## WHAT YOU NEED TO DO
The answer must consist only of the lines in the records below from the line with "Сітка оснащена металевим" to the line with "Letters 1x1 Velcro", both included, copied word for word with every picture left out.

#### LISTED ENTRIES ####

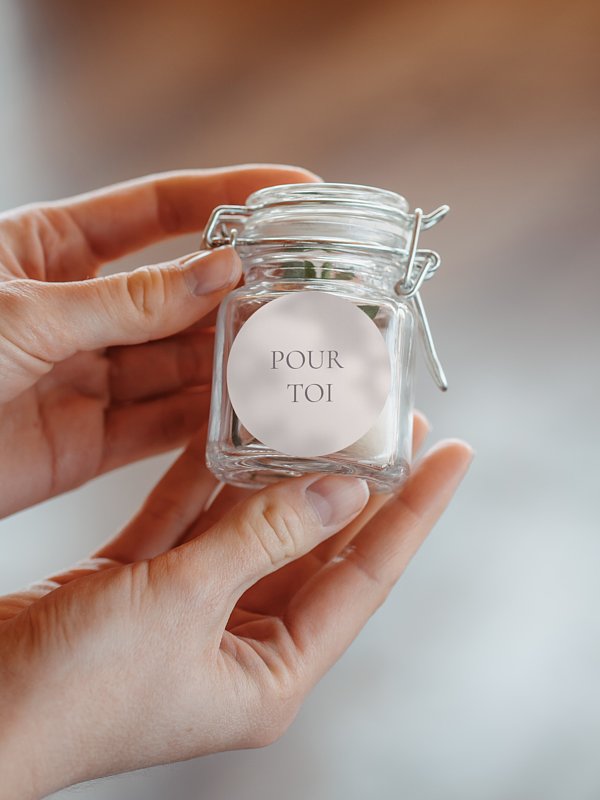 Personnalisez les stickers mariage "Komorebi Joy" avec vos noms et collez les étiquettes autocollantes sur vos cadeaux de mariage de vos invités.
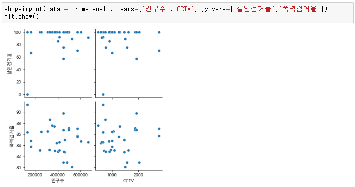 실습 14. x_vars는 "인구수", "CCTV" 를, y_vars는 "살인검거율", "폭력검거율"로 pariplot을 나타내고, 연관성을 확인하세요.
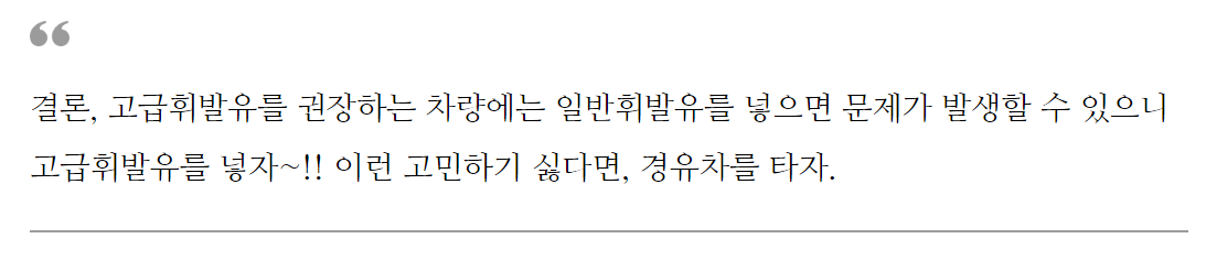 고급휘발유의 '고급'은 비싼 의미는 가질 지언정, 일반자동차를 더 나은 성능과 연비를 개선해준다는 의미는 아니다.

####
#### LISTED ENTRIES ####

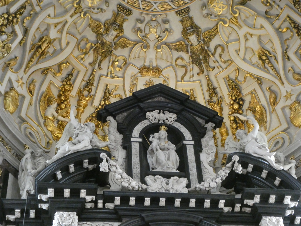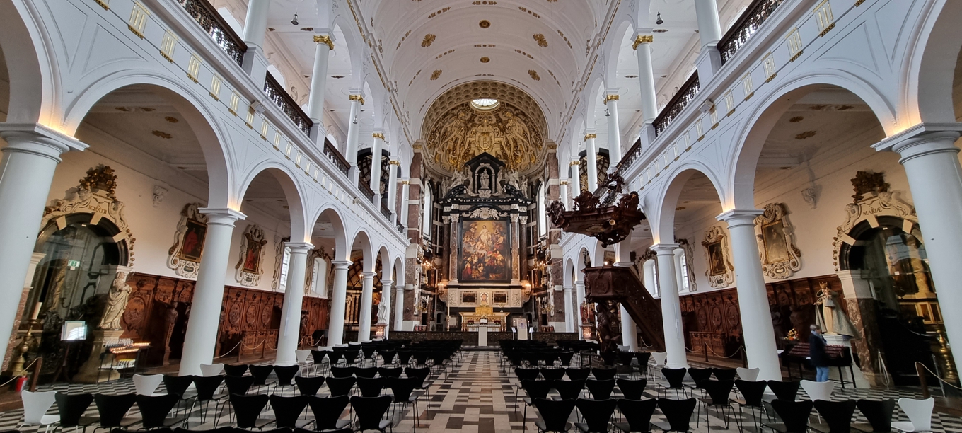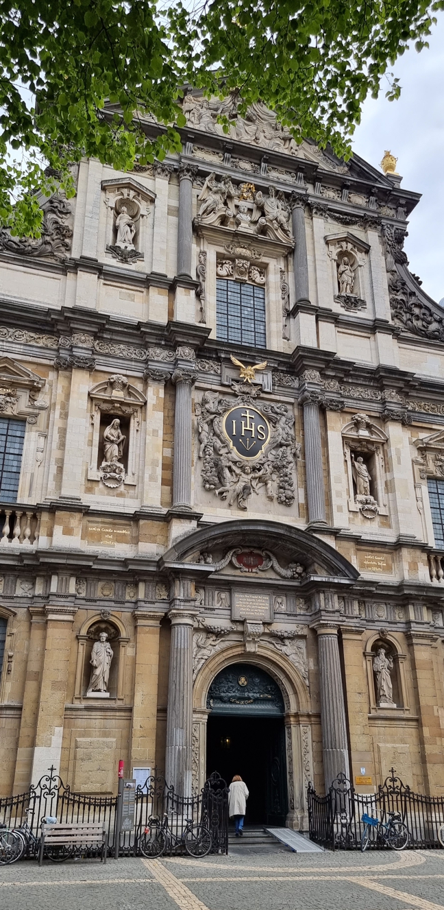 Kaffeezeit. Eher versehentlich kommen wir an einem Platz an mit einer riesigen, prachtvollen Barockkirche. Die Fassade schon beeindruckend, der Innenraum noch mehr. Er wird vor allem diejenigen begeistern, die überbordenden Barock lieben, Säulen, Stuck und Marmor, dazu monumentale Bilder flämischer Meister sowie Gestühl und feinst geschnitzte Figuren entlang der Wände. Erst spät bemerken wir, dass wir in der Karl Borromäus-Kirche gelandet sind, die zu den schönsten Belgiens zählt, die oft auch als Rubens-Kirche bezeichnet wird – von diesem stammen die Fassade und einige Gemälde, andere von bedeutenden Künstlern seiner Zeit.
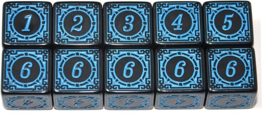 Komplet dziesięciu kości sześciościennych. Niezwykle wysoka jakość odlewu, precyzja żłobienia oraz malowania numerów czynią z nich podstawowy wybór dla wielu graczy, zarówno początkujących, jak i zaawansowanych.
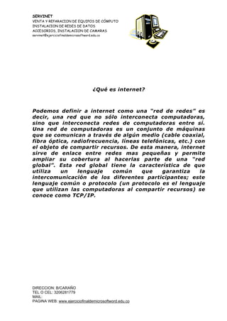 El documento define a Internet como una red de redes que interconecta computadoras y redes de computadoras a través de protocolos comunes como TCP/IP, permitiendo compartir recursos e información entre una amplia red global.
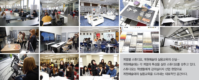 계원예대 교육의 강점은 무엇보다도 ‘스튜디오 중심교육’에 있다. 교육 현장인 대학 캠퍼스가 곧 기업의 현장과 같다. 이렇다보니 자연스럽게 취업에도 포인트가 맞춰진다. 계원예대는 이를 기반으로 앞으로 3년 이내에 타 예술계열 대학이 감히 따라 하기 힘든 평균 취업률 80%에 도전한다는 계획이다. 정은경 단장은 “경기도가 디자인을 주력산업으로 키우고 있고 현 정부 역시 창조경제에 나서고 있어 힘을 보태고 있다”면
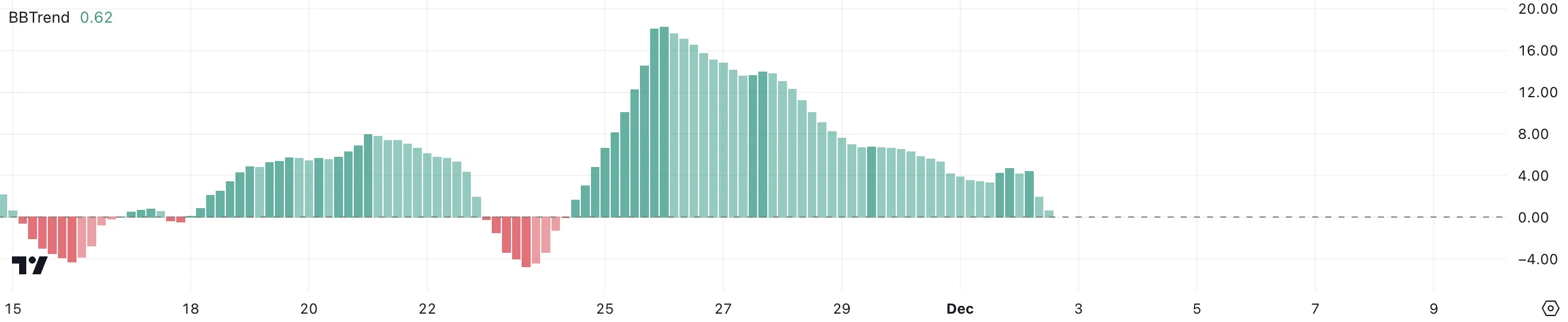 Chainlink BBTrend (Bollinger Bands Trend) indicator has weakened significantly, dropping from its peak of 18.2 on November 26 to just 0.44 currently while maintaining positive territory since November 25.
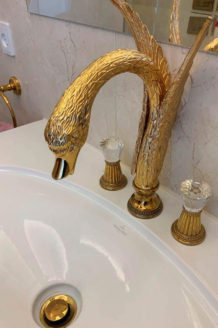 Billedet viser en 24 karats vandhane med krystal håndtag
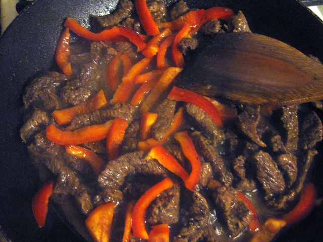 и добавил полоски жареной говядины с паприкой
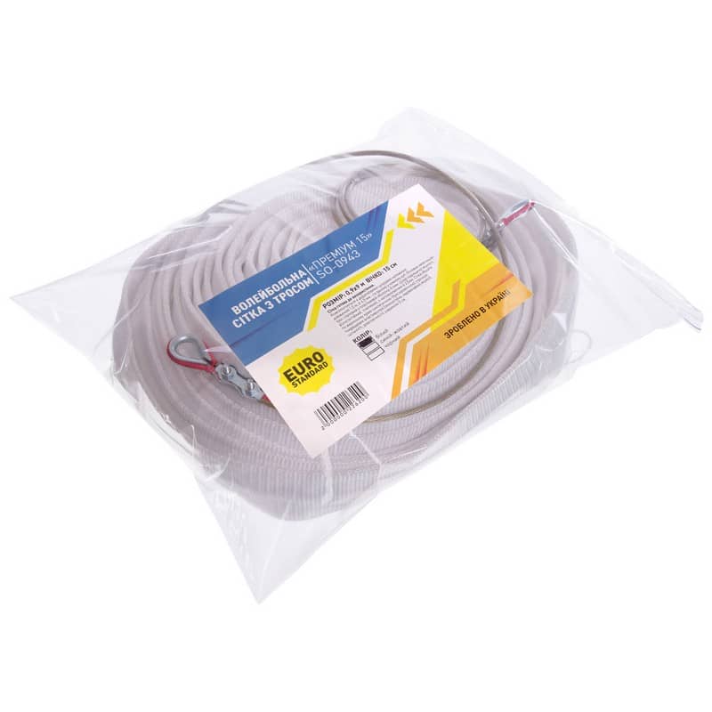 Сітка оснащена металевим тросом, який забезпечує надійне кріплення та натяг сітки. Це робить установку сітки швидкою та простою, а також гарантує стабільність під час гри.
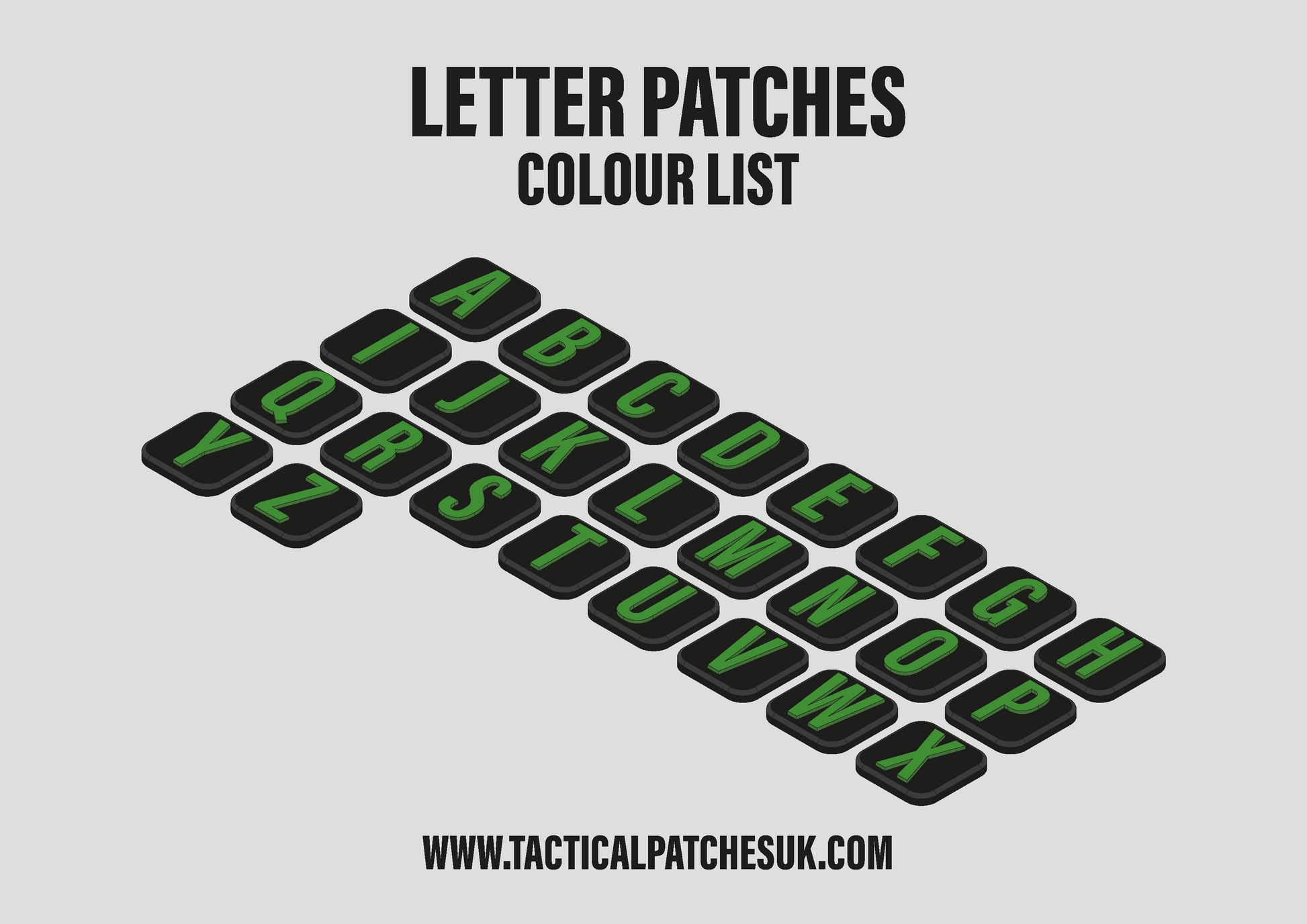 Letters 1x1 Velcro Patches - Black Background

####
#### LISTED ENTRIES ####

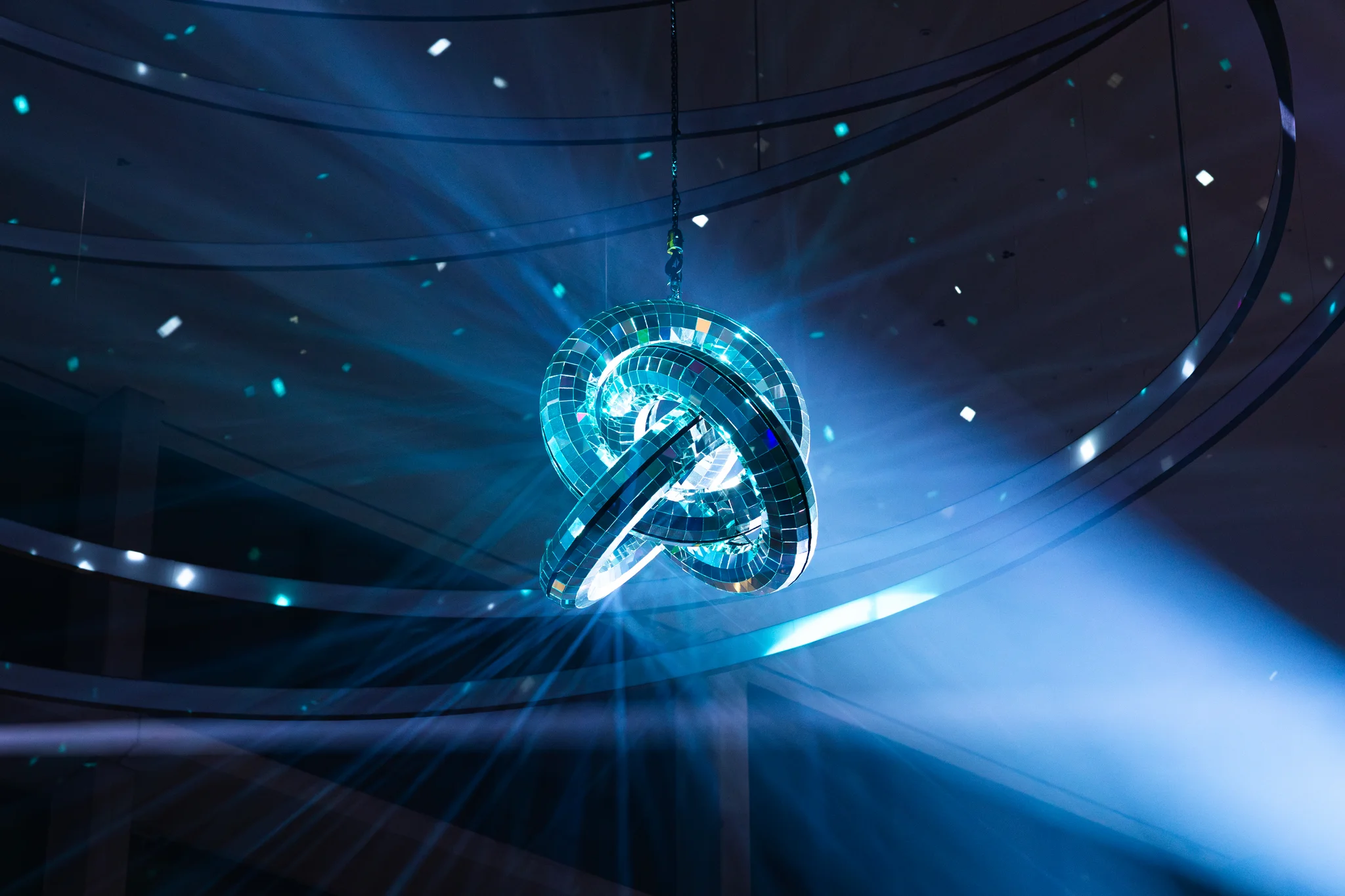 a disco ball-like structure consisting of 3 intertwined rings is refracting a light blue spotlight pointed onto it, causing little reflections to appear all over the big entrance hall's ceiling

####

## YOUR RESPONSE
 Сітка оснащена металевим тросом, який забезпечує надійне кріплення та натяг сітки. Це робить установку сітки швидкою та простою, а також гарантує стабільність під час гри.
 Letters 1x1 Velcro Patches - Black Background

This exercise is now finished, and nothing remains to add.